Splitting a quoted string.

[Paul Melis]

Paul Melis wrote:
> Hi,
> 
> mosscliffe wrote:
> 
>> I am looking for a simple split function to create a list of entries
>> from a string which contains quoted elements.  Like in 'google'
>> search.
>>
>> eg  string = 'bob john "johnny cash" 234 june'
>>
>> and I want to have a list of ['bob', 'john, 'johnny cash', '234',
>> 'june']
>>
>> I wondered about using the csv routines, but I thought I would ask the
>> experts first.
>>
>> There maybe a simple function, but as yet I have not found it.
> 
> 
> Here a not-so-simple-function using regular expressions. It repeatedly 
> matched two regexps, one that matches any sequence of characters except 
> a space and one that matches a double-quoted string. If there are two 
> matches the one occurring first in the string is taken and the matching 
> part of the string cut off. This is repeated until the whole string is 
> matched. If there are two matches at the same point in the string the 
> longer of the two matches is taken. (This can't be done with a single 
> regexp using the A|B operator, as it uses lazy evaluation. If A matches 
> then it is returned even if B would match a longer string).

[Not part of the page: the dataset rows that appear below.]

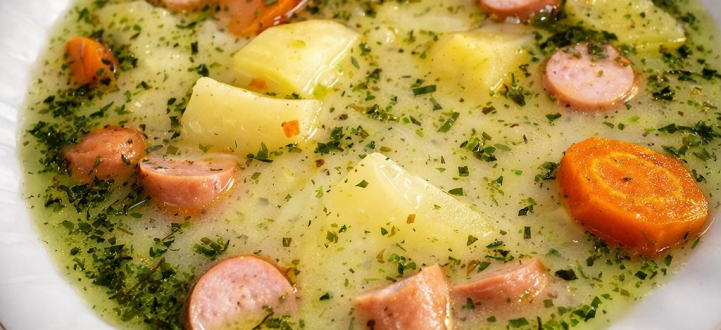 Leves A: Tárkonyos burgonya leves virslivel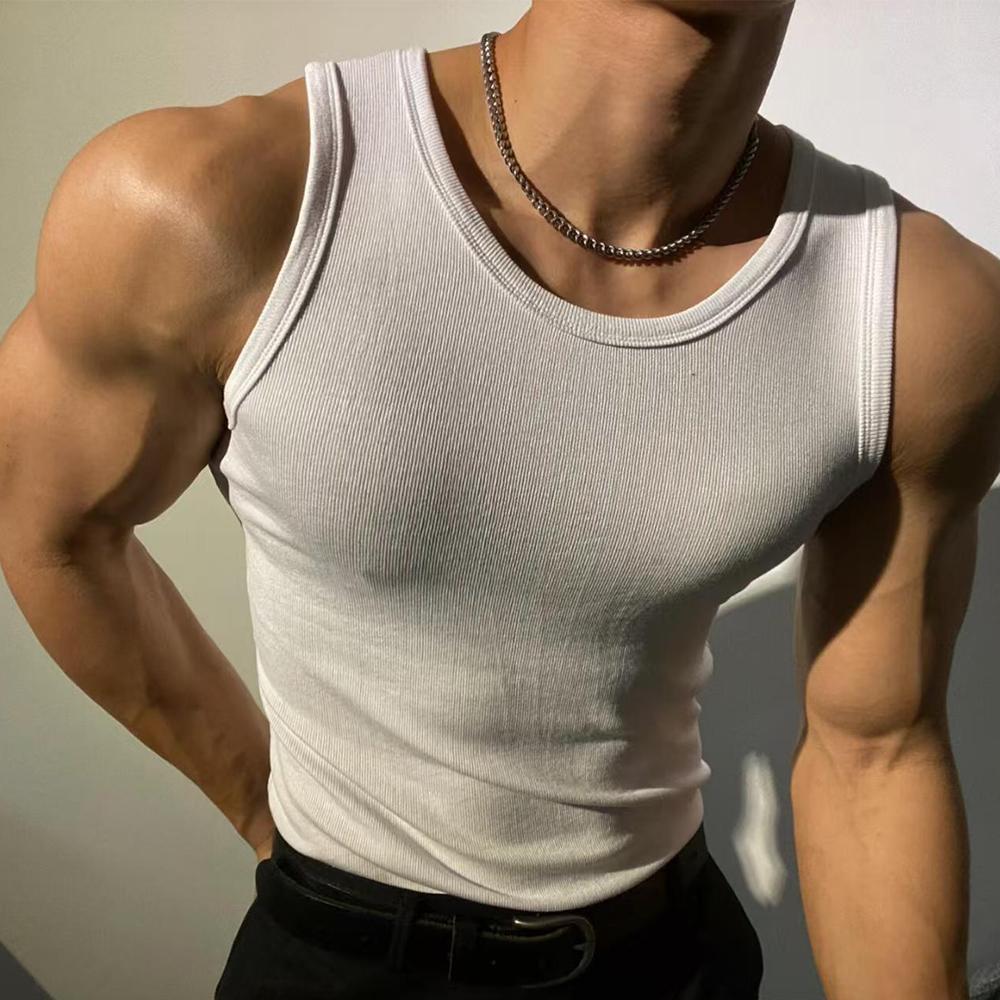 夏季粗螺纹健身工字背心弹力修身吸汗训练坎肩贴身棉肌肉男重磅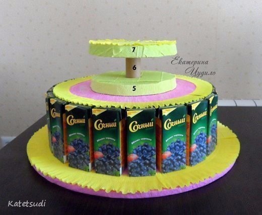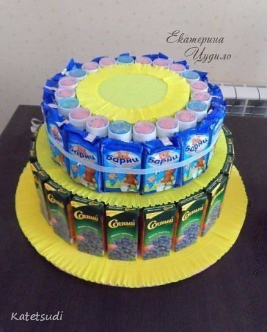 Торт из конфетГостинец можно оформить так, что будет выглядеть как очень дорогая вещь.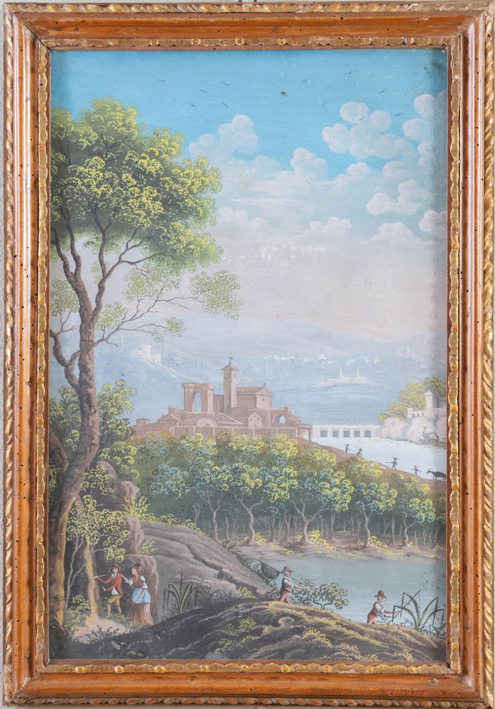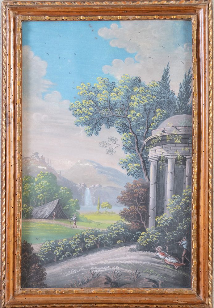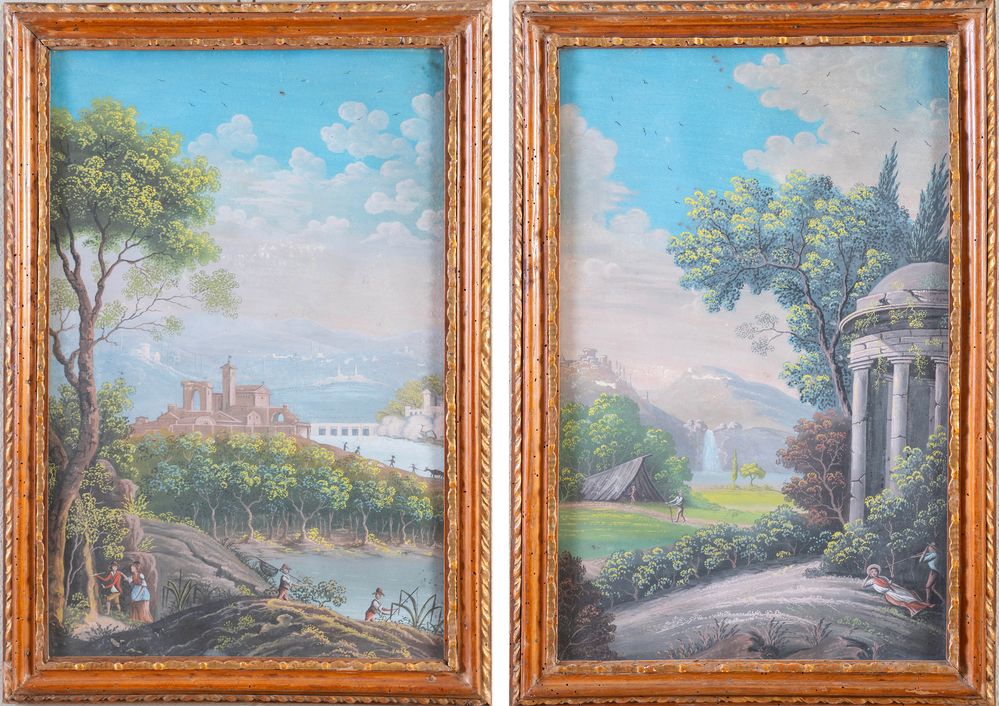Maestro della fine del XVIII secolo - inizio del XIX secolo. Coppia di paesaggi. Tempera su tavola. Cadauno di cm 58,5x37,5.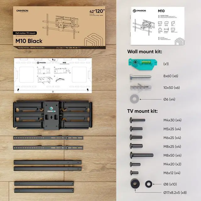 Extendable TV mount with arm is made of high-quality steel. With its trendy design, this large TV mount swing arm can blend in with any interior. Decorative overlays will hide the television wall mount screws. Extendable TV wall mount comes with a removable spirit level, drilling template, and a set of mounting hardware.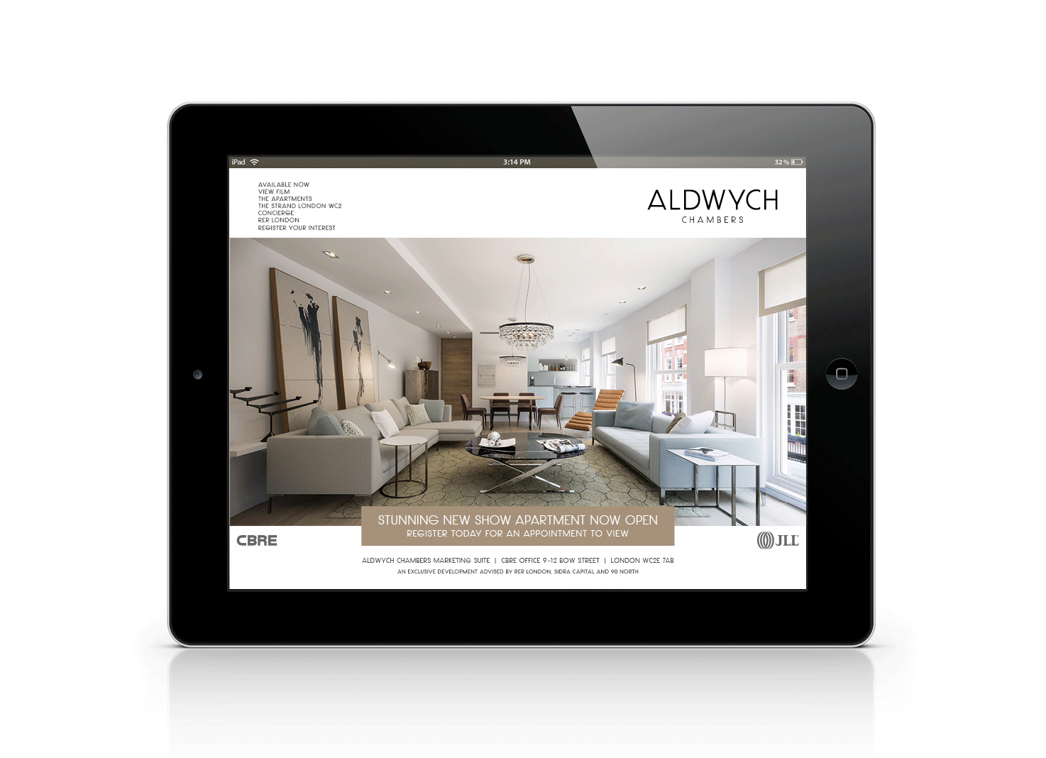 acquisition, investment and development company RER London. Scope of the project included naming and branding, casement cloth bound brochures, mini brochures, sales suite installation, press advertising campaign and ‘Brand Ambassador’ photography art direction, website and film.

Here a slightly improved version which is a bit more compact and which 
removes the quotes on the matched output quoted string.

import re

def split_string(s):
	
	pat1 = re.compile('[^" ]+')
	pat2 = re.compile('"([^"]*)"')

	parts = []

	m1 = pat1.search(s)
	m2 = pat2.search(s)
	while m1 or m2:
		
		if m1 and m2:
			if m1.start(0) < m2.start(0):
				match = 1
			elif m2.start(0) < m1.start(0):
				match = 2
			else:
				if len(m1.group(0)) > len(m2.group(0)):
					match = 1
				else:
					match = 2
		elif m1:
			match = 1
		else:
			match = 2
				
		if match == 1:
			part = m1.group(0)
			s = s[m1.end(0):]
		else:
			part = m2.group(1)
			s = s[m2.end(0):]
					
		parts.append(part)
			
		m1 = pat1.search(s)
		m2 = pat2.search(s)
		
	return parts

print split_string('bob john "johnny cash" 234 june')
print split_string('"abc""abc"')